Docs Home → MongoDB Spark Connector
Filters and Aggregation
Depending on the dataset, filtering data using MongoDB's aggregation framework may perform more efficiently than the direct use of RDD filters and dataset filters.
The following sections use the myCollection
collection in the
test
database that is configured in the SparkSession
:
{ "_id" : 1, "test" : 1 } { "_id" : 2, "test" : 2 } { "_id" : 3, "test" : 3 } { "_id" : 4, "test" : 4 } { "_id" : 5, "test" : 5 } { "_id" : 6, "test" : 6 } { "_id" : 7, "test" : 7 } { "_id" : 8, "test" : 8 } { "_id" : 9, "test" : 9 } { "_id" : 10, "test" : 10 }
Filters
The following example uses the RDD
defined above and
filters for all documents where the test
field has a value greater
than 5:
val rdd = MongoSpark.load(sc) val filteredRdd = rdd.filter(doc => doc.getInteger("test") > 5) println(filteredRdd.count) println(filteredRdd.first.toJson)
Aggregation
Pass an aggregation pipeline to
a MongoRDD
instance to filter data and perform aggregations in
MongoDB before passing documents to Spark.

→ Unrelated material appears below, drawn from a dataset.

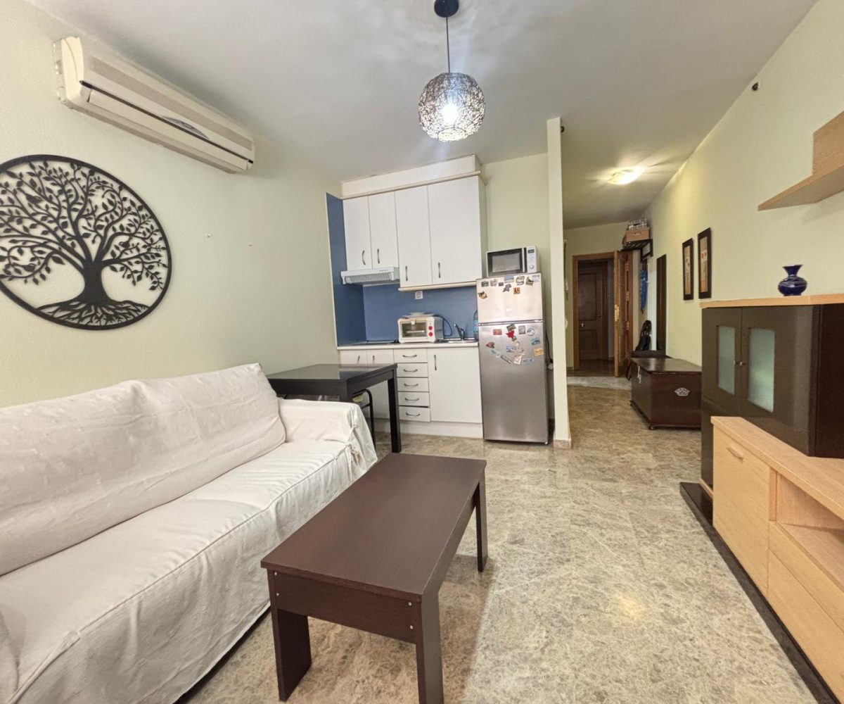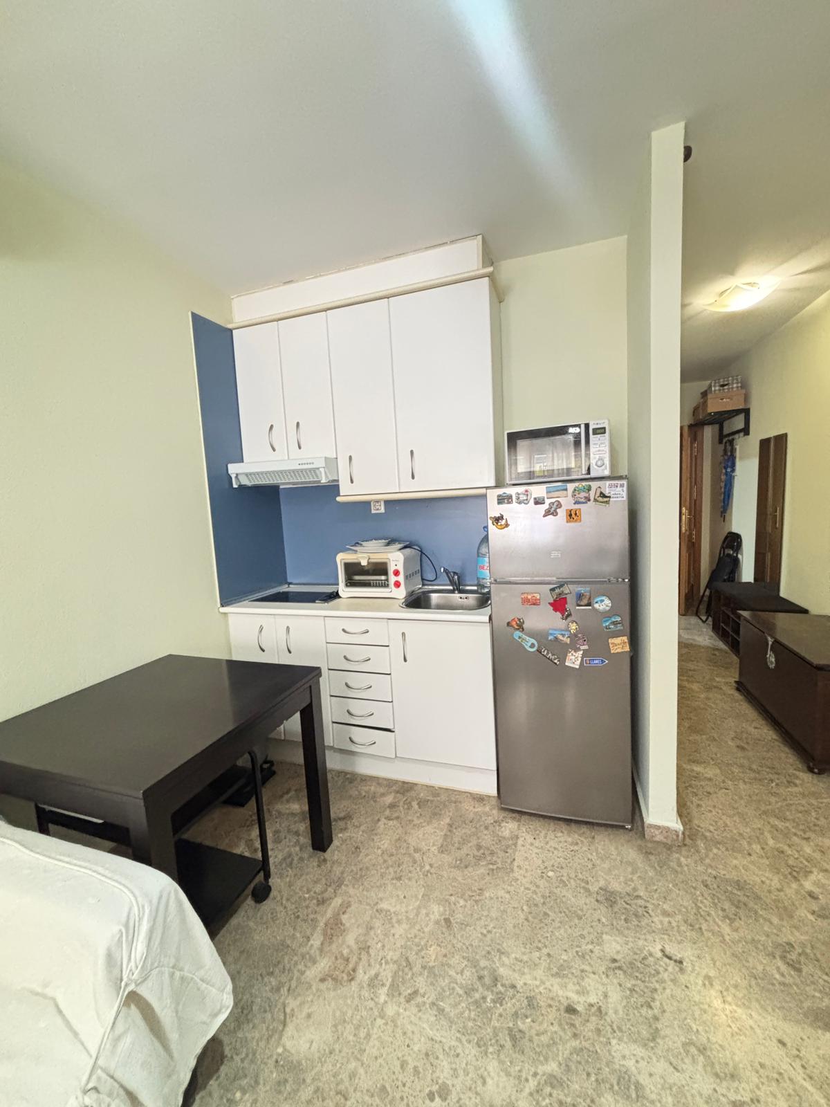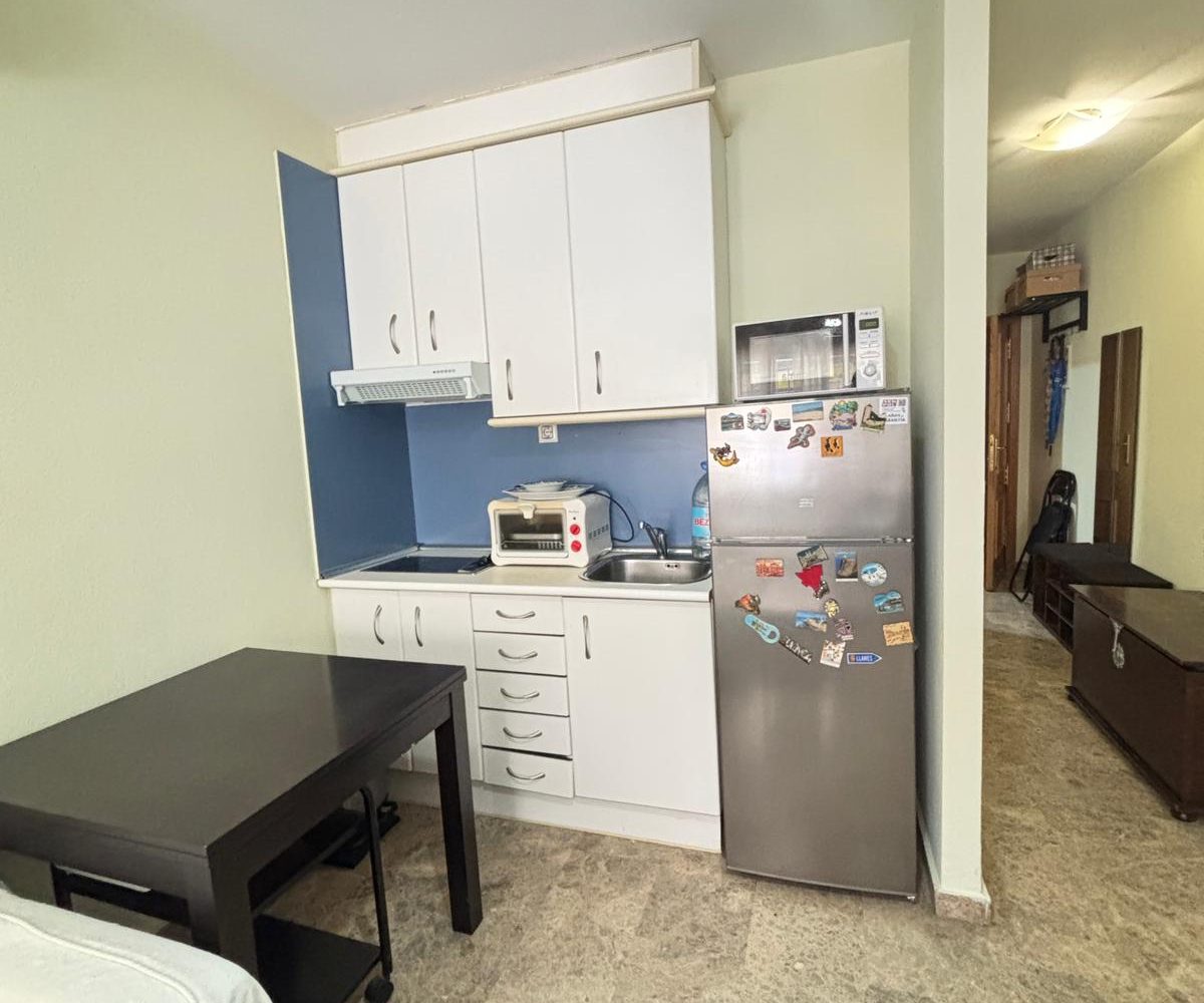 Dispone de un baño completo con ducha y una cocina totalmente equipada, todo ello en un espacio funcional y bien aprovechado. Los suelos de mármol aportan un toque elegante y de calidad, mientras que el gran armario empotrado a medida ofrece una excelente capacidad de almacenaje.

The following example uses an aggregation pipeline to perform the same
filter operation as the example above; filter all documents where the
test
field has a value greater than 5:
val rdd = MongoSpark.load(sc) val aggregatedRdd = rdd.withPipeline(Seq(Document.parse("{ $match: { test : { $gt : 5 } } }"))) println(aggregatedRdd.count) println(aggregatedRdd.first.toJson)
Any valid aggregation pipeline can be specified in the example above.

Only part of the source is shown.